After HDB Financial’s massive IPO, industry disrupters like Juniper, Rayzon, Credila, Wakefit eye lucrative public fundraising

Representative image | X/ Rayzon Solar/Wakefit/ShadowFax

At the heels of HDFC Bank subsidiary HDB Financial Services seeing a massively oversubscribed IPO, major disrupters in their respective sectors like Juniper Green Energy, Rayzon Solar, Credila Fin Services, Wakefit and even Shadowfax now look at lucrative public fundraising and issue.

 

The HDB Financial Services IPO, at bidding close on Friday, saw institutional buyers rush in. This led to the initial share sale of the HDFC arm getting subscribed a whopping 16.69 times after it received bids for 217.68 crore shares despite having just about 13.04 crore shares on offer.

From anchor investors alone, HDB Financial received ₹3,369 crore. 

 

The offering, which was a combination of a fresh issue of ₹2,500 crore in equity and a ₹10,000 crore offer for sale (OFS) by the promoter HDFC Bank, became the second biggest IPO in the past three years—the first being the ₹27,000-crore offering by Hyundai India last year.

 

The consistent market recovery last week and subsequent rally helped the HDB Financial offering, and now more players are looking to capitalise on this. Among them are the ‘renewables’ players, Juniper Green Energy and Rayzon Solar.

 

Earlier this week, Juniper Green Energy filed preliminary documents to the Securities and Exchanges Board of India (Sebi) for an initial public offering worth ₹3,000 crore in stock. The offering, which involves a fresh issue of shares, has no OFS, revealed the draft red herring prospectus (DRHP).

 

In the pre-IPO round, Juniper looks to raise ₹600 crore, which could reduce the size of the issue.

 

From the proceeds, Juniper looks to use ₹1,092.3 crore to repay debts and service its general corporate requirements. The rest is expected to be invested in its units: Juniper Green Gamma One, Juniper Green Three, Juniper Green Field, Juniper Green Beam, Juniper Green Kite, and Juniper Green Ray Two.

 

Rayzon Solar, which often finds itself among the top manufacturers of solar photovoltaic modules in the country, also filed its preliminary documents with Sebi. With this IPO, the Gujarat-based renewable energy firm looks to raise ₹1,500 crore from a fresh issue, again with no OFS component.

 

In its pre-IPO round, it looks to raise ₹300 crore. Most of the proceeds from its IPO are expected to be invested in its unit, Rayzon Energy. This would, in turn, be used to help set up a TOPCon (tunnel oxide passivated contact) solar cell manufacturing facility in Surat, documents revealed.

 

With the buzz around successful IPOs, agencies citing sources reported that Bengaluru-based logistics service provider Shadowfax is looking to file confidential IPO documents, such as the DRHP with Sebi, in the coming week.

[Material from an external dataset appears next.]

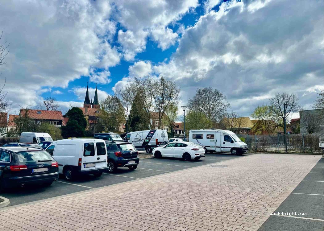 Wie bei sehr vielen öffentlichen Parkplätzen kann es am Freitagabend unruhig werden. Jugendliche ziehen durch die Gassen, so auch hier. Aus unserer Erfahrung wissen wir inzwischen, dass es meist nur den Freitag betrifft. Hier haben jugendliche Männer Sachbeschädigungen an parkenden Autos vorgenommen, wir haben die Polizei gerufen, die sehr schnell kam und danach war Ruhe. Die Zufahrtsstreifen zu den Parkplätzen sind eng, aber für einen Kastenwagen mit 6,35 m Länge durchaus machbar. Das Stadtzentrum liegt in nur 300 m Entfernung. Der Parkplatz ist ohne jede Beschränkung kostenlos, aber ohne Service.

Shadowfax is backed by a slew of investors, including e-commerce giant Flipkart. Despite the secrecy and the fact that adopting this route would mean the details of the draft red herring prospectus would not be revealed until much later, sources told agencies that the IPO would be in the ₹2,000 crore to ₹2,500 crore band.

 

Earlier this year, in February, Shadowfax—which has a network of more than 2,000 cities—saw its valuation jump to ₹6,000 crore through fundraising.

 

Mumbai-based Credila Financial Services, which provides education loans, also filed its draft IPO papers with Sebi. They look to raise ₹5,000 crore, with ₹3000 crore in fresh issue and ₹2,000 crore in OFS.

 

Among the promoters, HDFC Bank looks to offload its stake for ₹1,050 crore. Pre-IPO round raising is now expected at ₹600 crore.

 

Earlier, Credila opted for the confidential route, too, when it initially filed DRHP in December 2024. Once Sebi noted its comments, the company filed an updated draft red herring prospectus, which was open to the public.

 

The draft papers, now public, stated that the net IPO proceeds would go to service any future capital needed to scale the business and its assets.

 

Home furnishing, cushions and bedding company Wakefit (incorporated as Wakefit Innovations Ltd), too, filed draft papers with Sebi for its IPO.

 

The company’s offering includes a fresh equity issue of ₹468.2 crore and an OFS in 5.84 crore shares.

 

With the proceeds, Wakefit looks to set up 118 new company-owned, company-operated (COCO) outlets, purchase new machinery and equipment, use them as lease and sub-lease expenditure, service licensing fees for existing stores, and use them for marketing and advertising.